Predictions about the future of science and technology are notorious for turning out to be wrong. There is a story (possibly apocryphal) that in 1894, a writer in the London Times estimated that in 50 years the streets of London would be buried under nine feet of horse manure from all the horse-drawn cabs and buses (there were about 11,000 cabs in London at the end of the nineteenth century).

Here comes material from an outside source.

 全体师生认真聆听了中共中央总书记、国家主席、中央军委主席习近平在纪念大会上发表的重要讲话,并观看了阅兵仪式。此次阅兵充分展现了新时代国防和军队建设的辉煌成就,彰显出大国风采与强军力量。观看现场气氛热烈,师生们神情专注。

Nevertheless, we know of at least a few topics that will undoubtedly be active areas of research for the next half-century. In my own field of astronomy and astrophysics, the search for extraterrestrial life is arguably the most intriguing endeavor. Upcoming and proposed facilities such as the James Webb Space Telescope and a next generation of large optical telescopes in space (Figure 1) will take important steps in this quest, as will missions to planets and satellites in our own solar system. It is quite likely, however, that even before alien life is found, biologists will succeed in creating synthetic life in the laboratory (see Creating Life in the Lab). At the same time, in the arena of post human-genome-sequencing science, biologists will strive to understand precisely how the genetic code triggers and directs other life-related processes, such as the construction of proteins (Figure 2). A deeper understanding of the genome and how it functions could perhaps lead to a substantial--even dramatic--extension of the human lifespan.

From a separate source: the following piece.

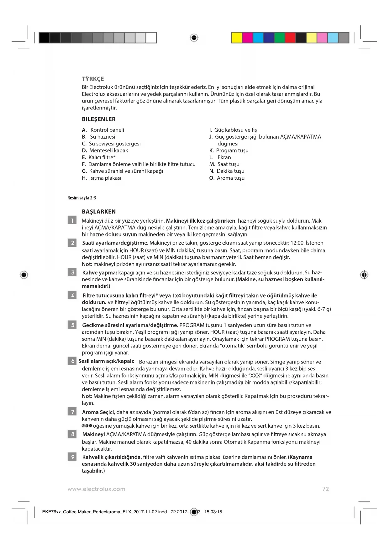 - Cihazı suya veya herhangi bir sıvıya daldırmayın! EKF76xx_Coffee Maker_Perfectaroma_ELX_2017-11-02.indd 73 2017-11-03 15:03:1574 www.electrolux.com

Figure 1. Potential design for ATLAST, a 16-meter segmented space telescope to explore biosignatures in optical/ultraviolet light in extrasolar planets. Credit: Northrop Grumman Aerospace Systems and NASA/STScI.
Figure 2. The so-called "Alpha Helix" which is part of the structure of many proteins. Credit: Pam Jeffries. Reproduced with permission.

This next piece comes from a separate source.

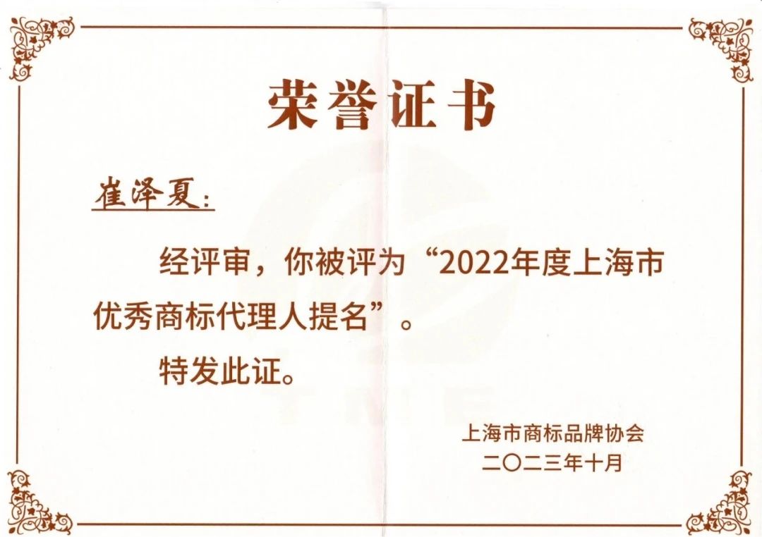 集佳上海分所崔澤夏律師獲得2022年度“上海市優秀商標代理人提名”

Returning from the complex to the fundamental, one major question that will almost certainly preoccupy scientists in the next few decades is the synthesis of General Relativity with quantum mechanics. Finding a theory of space-time and gravity that is fully compatible with the quantum principles has so far eluded physicists. Along the way, with the help of astronomers, physicists will also unquestionably attempt to elucidate the nature of the Dark Energy that propels the accelerating cosmic expansion. Additionally, if the experience with string theory (the idea that subatomic particles represent vibration modes of tiny loops) can be any guide, the formulation of a unified theory of quantum gravity will require the development of mathematical tools that are not currently available.
I do not wish to make any predictions in the areas of computer science and information technology, simply because progress in those fields has reached such a breakneck pace, that any forecast is likely to appear ridiculous even a mere decade from now. I will only note that the combined efforts on understanding the operation of the human brain and on "smart" computers are likely to produce artificial intelligence machines capable of unimaginable feats in the not-too-distant future.
Progress will not be free of risks. We have already gotten a glimpse of what climate change, shortages of food or energy, failure of electrical grids, or cyber-attacks can do. These problems will not go away. Rather, in the absence of serious preventative actions, they will only get worse. Many ethical questions will also need to be addressed, as questionable procedures (such as human cloning) will become feasible. This is not a reason for panic. In the same way that human ingenuity can produce advances in science and technology, it can also be harnessed (in principle, at least) to confront environmental and ethical challenges.